Re: [PATCH] Make strlen range computations more conservative

Jeff Law Mon, 06 Aug 2018 15:50:00 -0700

On 08/06/2018 10:32 AM, Martin Sebor wrote:
> On 08/06/2018 09:12 AM, Jeff Law wrote:
>> On 08/04/2018 03:56 PM, Martin Sebor wrote:
>>> On 08/03/2018 01:00 AM, Jeff Law wrote:
>>>> On 07/24/2018 05:18 PM, Bernd Edlinger wrote:
>>>>> On 07/24/18 23:46, Jeff Law wrote:
>>>>>> On 07/24/2018 01:59 AM, Bernd Edlinger wrote:
>>>>>>> Hi!
>>>>>>>
>>>>>>> This patch makes strlen range computations more conservative.
>>>>>>>
>>>>>>> Firstly if there is a visible type cast from type A to B before
>>>>>>> passing
>>>>>>> then value to strlen, don't expect the type layout of B to restrict
>>>>>>> the
>>>>>>> possible return value range of strlen.
>>>>>> Why do you think this is the right thing to do?  ie, is there
>>>>>> language
>>>>>> in the standards that makes you think the code as it stands today is
>>>>>> incorrect from a conformance standpoint?  Is there a significant
>>>>>> body of
>>>>>> code that is affected in an adverse way by the current code?  If so,
>>>>>> what code?
>>>>>>
>>>>>>
>>>>>
>>>>> I think if you have an object, of an effective type A say char[100],
>>>>> then
>>>>> you can cast the address of A to B, say typedef char (*B)[2] for
>>>>> instance
>>>>> and then to const char *, say for use in strlen.  I may be wrong, but
>>>>> I think
>>>>> that we should at least try not to pick up char[2] from B, but instead
>>>>> use A for strlen ranges, or leave this range open.  Currently the
>>>>> range
>>>>> info for strlen is [0..1] in this case, even if we see the type cast
>>>>> in the generic tree.
>>>> ISTM that you're essentially saying that the cast to const char *
>>>> destroys any type information we can exploit here.  But if that's the
>>>> case, then I don't think we can even derive a range of [0,99].  What's
>>>> to say that "A" didn't result from a similar cast of some object that
>>>> was char[200] that happened out of the scope of what we could see
>>>> during
>>>> the strlen range computation?
>>>>
>>>> If that is what you're arguing, then I think there's a re-evaluation
>>>> that needs to happen WRT strlen range computation/
>>>>
>>>> And just to be clear, I do see this as a significant correctness
>>>> question.
>>>>
>>>> Martin, thoughts?
>>>
>>> The argument is that given:
>>>
>>>   struct S { char a[4], b; };
>>>
>>>   char a[8] = "1234567";
>>>
>>> this is valid and should pass:
>>>
>>>   __attribute__ ((noipa))
>>>   void f (struct S *p)
>>>   {
>>>     assert (7 == strlen (p->a));
>>>   }
>>>
>>>   int main (void)
>>>   {
>>>     f ((struct S*)a);
>>>   }
>>>
>>> (This is the basic premise behind pr86259.)
>>>
>>> This argument is wrong and the code is invalid.  For the access
>>> to p->a to be valid p must point to an object of struct S (it
>>> doesn't) and the p->a array must hold a nul-terminated string
>>> (it also doesn't).
>> I agree with you for C/C++, but I think it's been shown elsewhere in
>> this thread that GIMPLE semantics to not respect the subobject
>> boundaries.  That's a sad reality.
>>
>> [ ... ]
>>
>>>
>>> I care less about the optimization than I do about the basic
>>> premise that it's essential to respect subobject boundaries(*).
>> I understand, but the semantics of GIMPLE do not respect them.  We can
>> argue about whether or not those should change and what it would take to
>> fix that.

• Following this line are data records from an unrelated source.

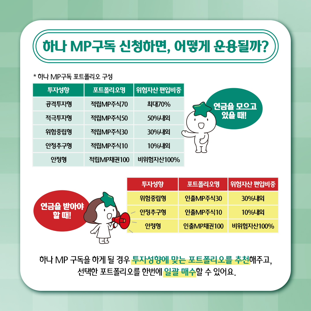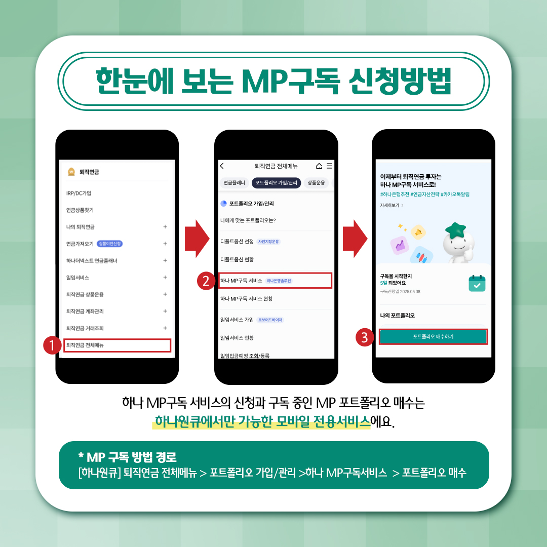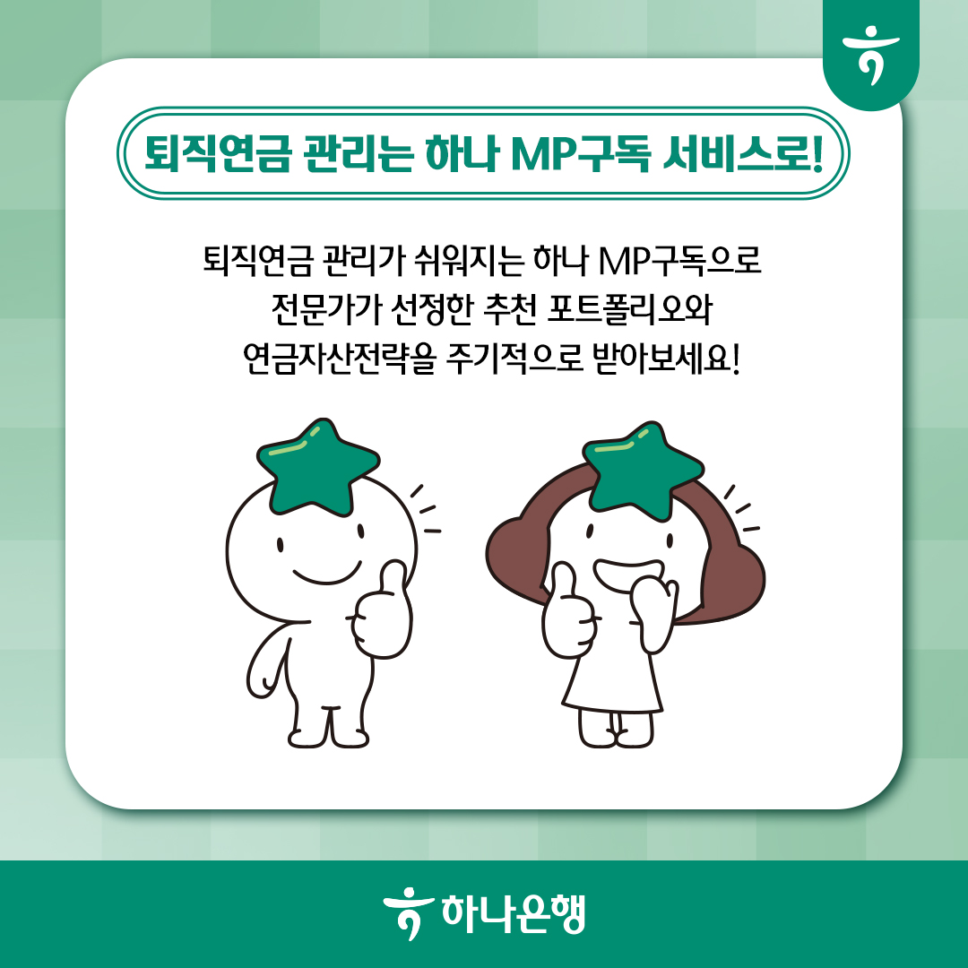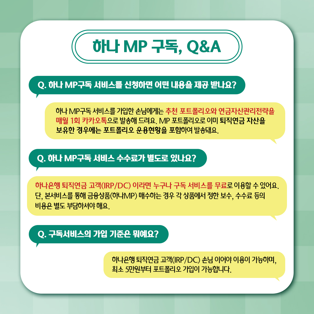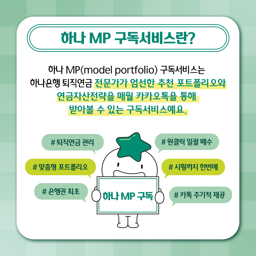 ※ 하나 MP구독 서비스는 하나은행 퇴직연금 전문가가 선정한 포트폴리오와 연금자산전략을 매월 카카오톡으로 받아보고 고객의 투자성향에 맞는 포트폴리오를 선택할 수 있는 포트폴리오 구독 서비스 입니다.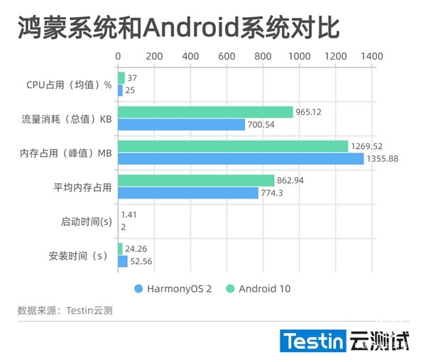 3、相同平臺和硬件的環(huán)境下,鴻蒙系統(tǒng)和Android系統(tǒng)對比相差不大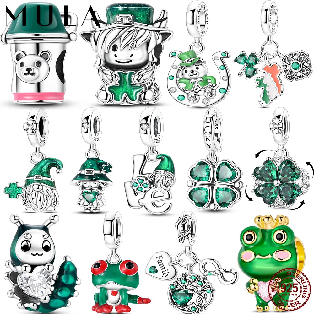 Breloque Trèfle Vert Porte-Bonheur - Argent Sterling 925 - Compatible Bracelet MULA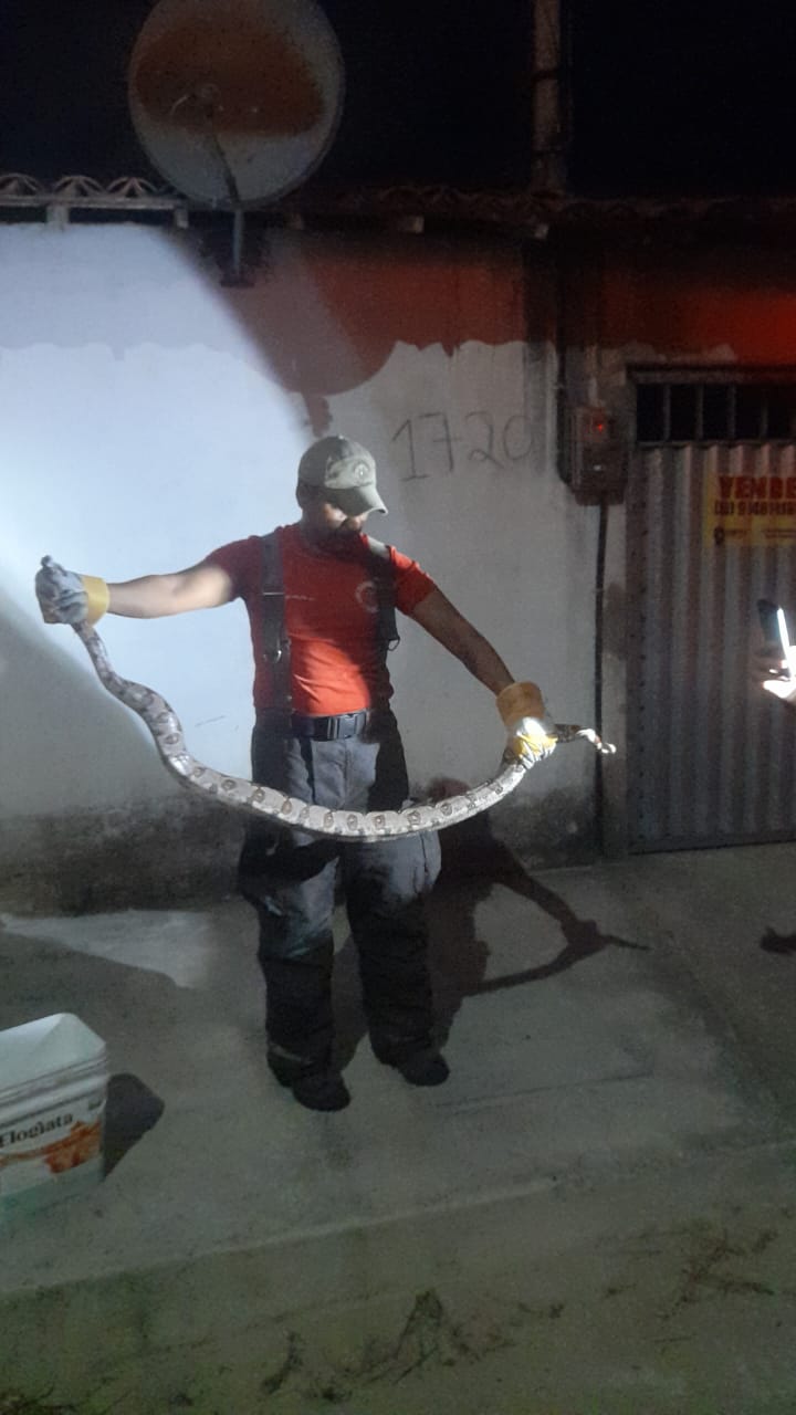 No início da madrugada de domingo, às 00h34, equipes foram chamadas à Rua Dom Luiza Távora, no bairro Jardim das Oliveiras, após moradores solicitarem a retirada de uma cobra que havia sido avistada no local. Ao chegarem, os bombeiros identificaram uma jiboia de aproximadamente dois metros, espécie comum na região, mas que pode causar risco caso se aproxime de residências.
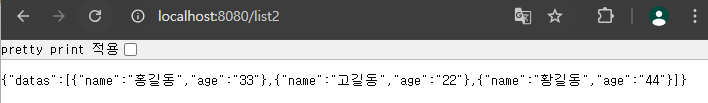이 data2를 반환하면, 전체 데이터 리스트가 "datas"라는 키 아래 포함된 JSON 형식으로 클라이언트에게 전달됩니다.

But right now the existing semantics do not respect those
>> boundaries.
> 
> They don't respect them in all cases (i.e., when MEM_REF loses
> information about the structure of an access) but in a good
> number of them GCC can still derive useful information from
> the access.  It's relied on to great a effect by _FORTIFTY_SOURCE.

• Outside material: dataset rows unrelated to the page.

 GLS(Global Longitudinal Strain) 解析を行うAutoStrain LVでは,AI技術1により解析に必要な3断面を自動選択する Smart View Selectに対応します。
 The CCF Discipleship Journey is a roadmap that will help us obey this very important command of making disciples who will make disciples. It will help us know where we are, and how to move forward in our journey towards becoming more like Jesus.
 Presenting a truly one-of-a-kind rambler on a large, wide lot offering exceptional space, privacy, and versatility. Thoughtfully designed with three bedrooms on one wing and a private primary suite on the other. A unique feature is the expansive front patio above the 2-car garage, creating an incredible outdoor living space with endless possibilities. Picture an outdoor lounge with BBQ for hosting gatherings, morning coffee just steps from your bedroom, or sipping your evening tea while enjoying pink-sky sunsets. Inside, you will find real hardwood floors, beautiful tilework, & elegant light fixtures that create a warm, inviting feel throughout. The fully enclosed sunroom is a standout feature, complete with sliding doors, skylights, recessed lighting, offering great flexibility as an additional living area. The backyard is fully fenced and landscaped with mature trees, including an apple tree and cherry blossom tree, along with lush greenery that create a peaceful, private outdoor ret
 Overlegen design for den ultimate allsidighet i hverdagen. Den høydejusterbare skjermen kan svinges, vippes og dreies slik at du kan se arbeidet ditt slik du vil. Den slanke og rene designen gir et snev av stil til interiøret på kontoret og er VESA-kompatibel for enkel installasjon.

> I think it would be a welcome enhancement if besides out-of-
> bounds writes _FORTIFTY_SOURCE also prevented out-of-bounds
> reads.
> 
>>> It would make little sense to undo the strlen optimization
>>> without also undoing the optimization for the direct array
>>> access case.  Undoing either would raise the question about
>>> the validity of the _FORRTIFY_SOURCE=2 behavior.  That would
>>> be a huge step backwards in terms of code security.  If we
>>> did some of these but not others, it would make the behavior
>>> inconsistent and surprising, all to accommodate one instance
>>> of invalid code.
>> In the direct array access case I think (and I'm sure Jakub, Richi and
>> others will correct me if I'm wrong), we can use the object's type
>> because the dereferences are actually using the array's type.
> 
> Subscripting and pointer access are identical both in C/C++
> and in GCC's _FORTIFY_SOURCE.  The absence of a distinction
> between the two is essential for preventing writes past
> the end by string functions like strcpy (_FORTIFY_SOURCE).
> 
>>> If we had a valid test case where the strlen optimization
>>> leads to invalid code, or even if there were a significant
>>> number of bug reports showing that it breaks an invalid
>>> but common idiom, I would certainly feel compelled to
>>> make it right somehow.  But there has been just one bug
>>> report with clearly invalid code that should be easily
>>> corrected.
>> Again, I think you're too narrowly focused on C/C++ semantics here.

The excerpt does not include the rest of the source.